As the Hindu community of Abbottabad celebrated Holi at the local temple, Darshan Laal, aged 60, and his family find themselves in a poignant situation. “We will observe the rituals within our household,” states Imma Darshan, his spouse, highlighting the family’s detachment from communal festivities.

Historically, the family actively participated in religious events at a temple in Mansehra, where Laal was the resident pujari (priest). Their current exclusion stems from Laal’s dismissal, purportedly influenced by political interference, compelling them to celebrate religious holidays and perform rituals privately.

Laal reflects on his contributions, “I revitalized a small temple, once neglected and surrounded by refuse, into a revered site celebrated for its Mahashivratri and monsoon festivals.” Despite his dedication over three decades and receiving accolades from both authorities and devotees, his tenure ended abruptly without formal recognition.
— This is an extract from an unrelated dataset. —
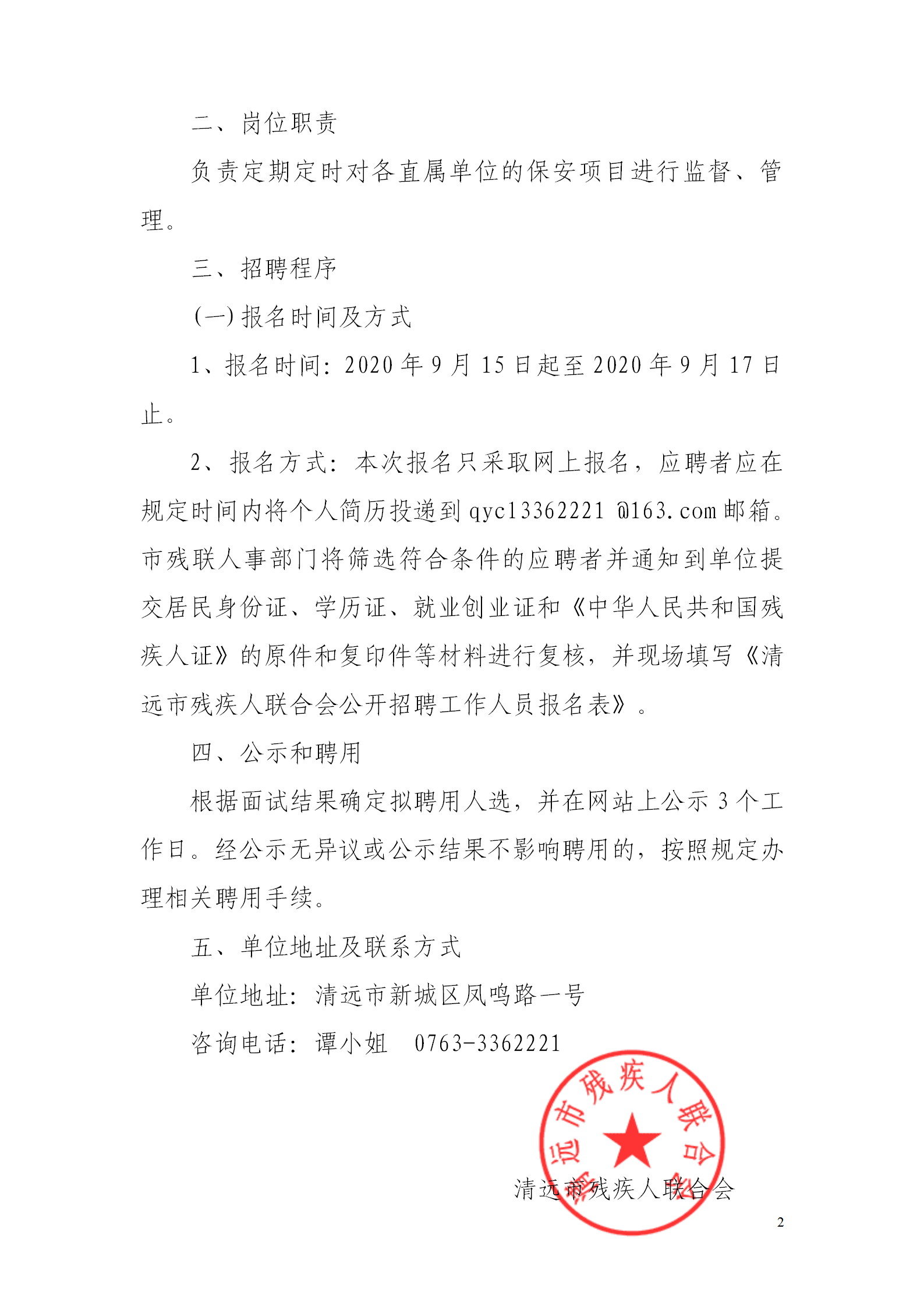 清遠(yuǎn)市殘疾人聯(lián)合會(huì)招聘工作人員公告

While Mansehra doesn’t officially have a Hindu population, it serves as a spiritual hub for approximately 30 Hindu families from the Hazara region, including those who, like Laal, would travel daily from Abbottabad to Mansehra for worship.
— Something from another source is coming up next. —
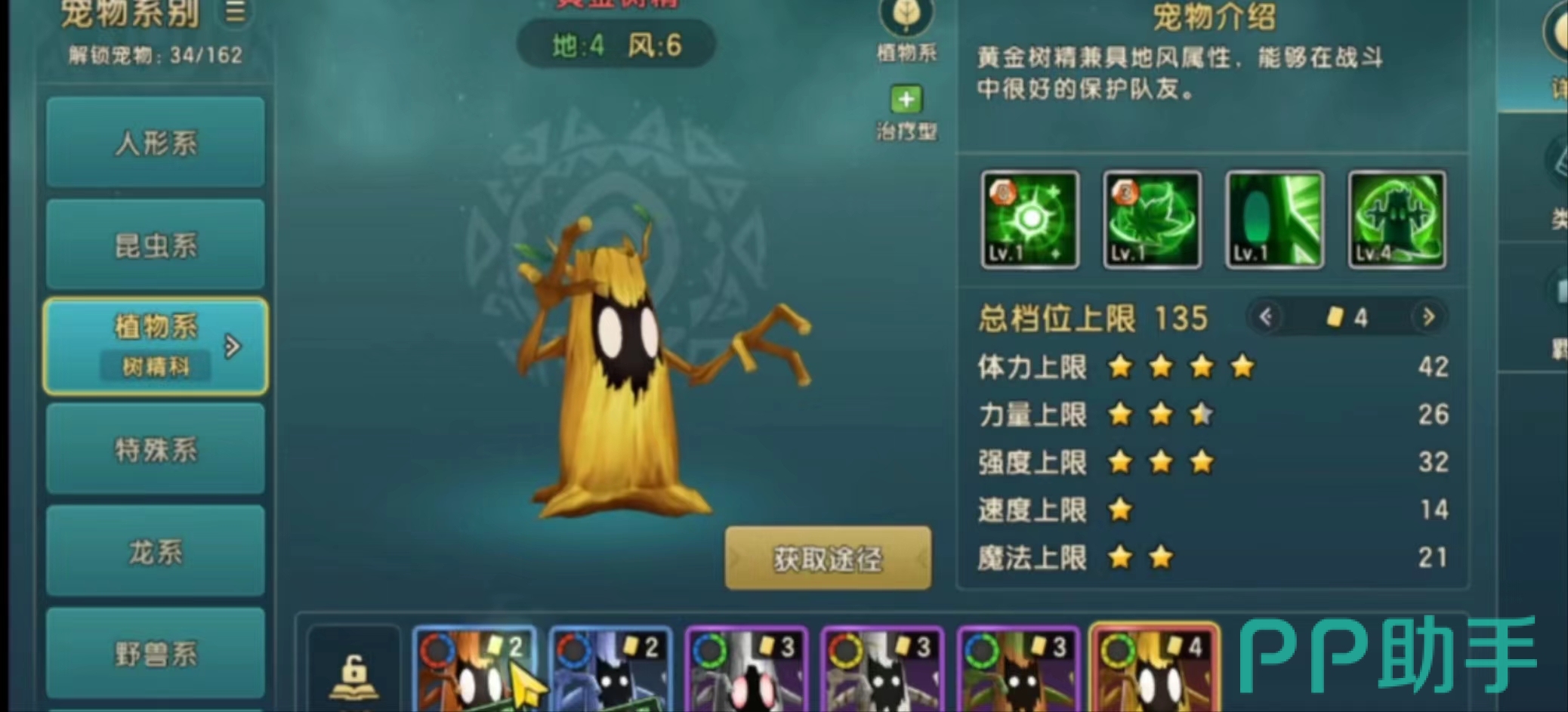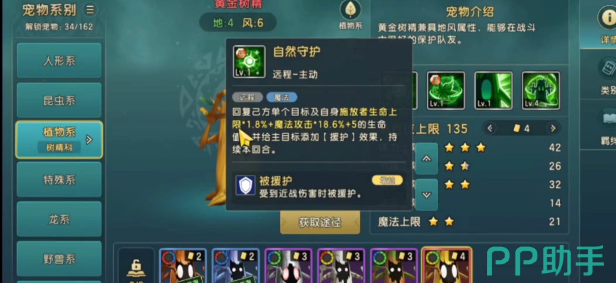 还有一个就是咱们庞大的树精科的四星宠物黄金树精了,也是一个肉盾型宠物,第一个技能跟火精灵一样,都是回血,但是它会给目标添加一个援护效果,当友方收到伤害的时候树精就是跑到他前面抵挡这次伤害,但是只持续一回合。二技能给随机两个队友回血并有几率附带治愈效果,在三回合每次行动都会回复生命值,如果已经有治愈效果的话就会直接触发三回合的治疗量,可以说治疗量非常的恐怖了。

“In the course of the Pakistan Tehreek-e-Insaf (PTI) administration’s previous term in Khyber-Pakhtunkhwa, Ravi Kumar, a Member of Provincial Assembly (MPA) advocating for minority interests, allocated special funds for temple renovations. Despite my extensive contributions to its maintenance over the years, he expressed concerns regarding my involvement with the temple, ultimately leading to my removal,” Laal revealed in a conversation. He further elaborated that Kumar favored the appointment of a new priest, facilitating his settlement in the area by updating the temple’s address on the newly appointed priest’s identity documentation within three years.

When approached for a comment, Kumar refuted Laal’s claims, clarifying that his role as an MPA does not extend to influencing the hiring or firing of temple personnel. He pointed out that such decisions fall under the purview of the Evacuee Trust Property Board (ETPB).
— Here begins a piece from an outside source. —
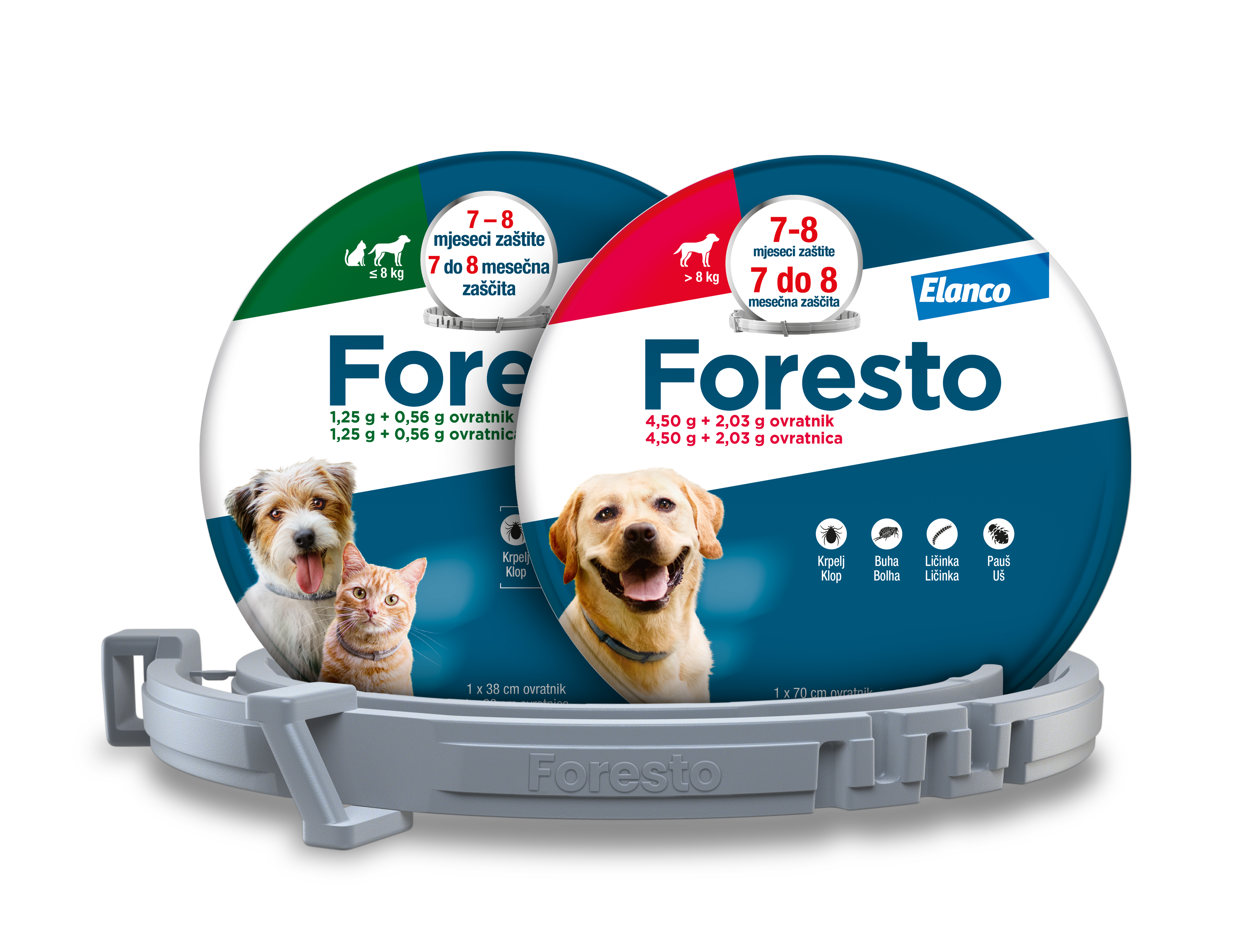 Ovratnik nema mirisa, vodootporan je i učinkovit i protiv buha i protiv krpelja, što ga čini jednostavnim rješenjem po pitanju zaštite vašeg najboljeg prijatelja kroz duži period – zaštitu do osam mjeseci.

It is noteworthy that although the Hindu population in this region is sparse, the Mansehra temple attracts devotees nationwide biannually for special celebrations.

Laal, a devoted father of three, reflected on his unwavering dedication to the temple’s service, spanning over three decades of his life.

“I have not pursued any alternative means of livelihood. Currently, my family is our main source of support,” he disclosed, noting that his children receive complimentary education at a private school in Abbottabad.

Laal shared his ongoing dialogue with the Evacuee Trust Property Board (ETPB), “The ETPB consistently assures me that upon the appointment of a suitable chairperson, my position will be restored.” He recounted multiple visits to the ETPB’s main office in Lahore and their regional office in Hassan Abdal, along with several occasions where officials visited the temple, offering promises of reemployment contingent upon future directives. Yet, to date, no such directive has been issued.

Laal also highlighted his deep connections within the local Muslim community. He pointed out that during the Eid Milad-un-Nabi celebrations, Muslim community members host events with active participation from the local Hindus. Conversely, during Hindu festivals such as Diwali and Holi, Christian priests and Muslim clerics, including the Hazara khatib, extend their well-wishes to Hindu families, often bringing sweets and gifts as gestures of goodwill.

Zafar Iqbal, a prominent religious figure and an advocate of the Supreme Court of Pakistan, shared his high regard for the Darshan family, acknowledging their significant standing within the community. “They exemplify integrity and honesty. The selfless contributions of Laal are invaluable to his community. Hence, I urge the competent authorities to rectify the injustices meted out to his family,” he articulated.

Despite being removed from his role at the temple, Laal finds solace in visiting the temple weekly, a practice that offers him peace. He expresses a desire for recognition and compensation for his three decades of service, envisioning a local from Abbottabad to succeed him as the temple’s caretaker upon his retirement.

The local Hindu community remains hopeful that the government will intervene to ensure Laal receives the acknowledgment and compensation he deserves for his years of devoted service.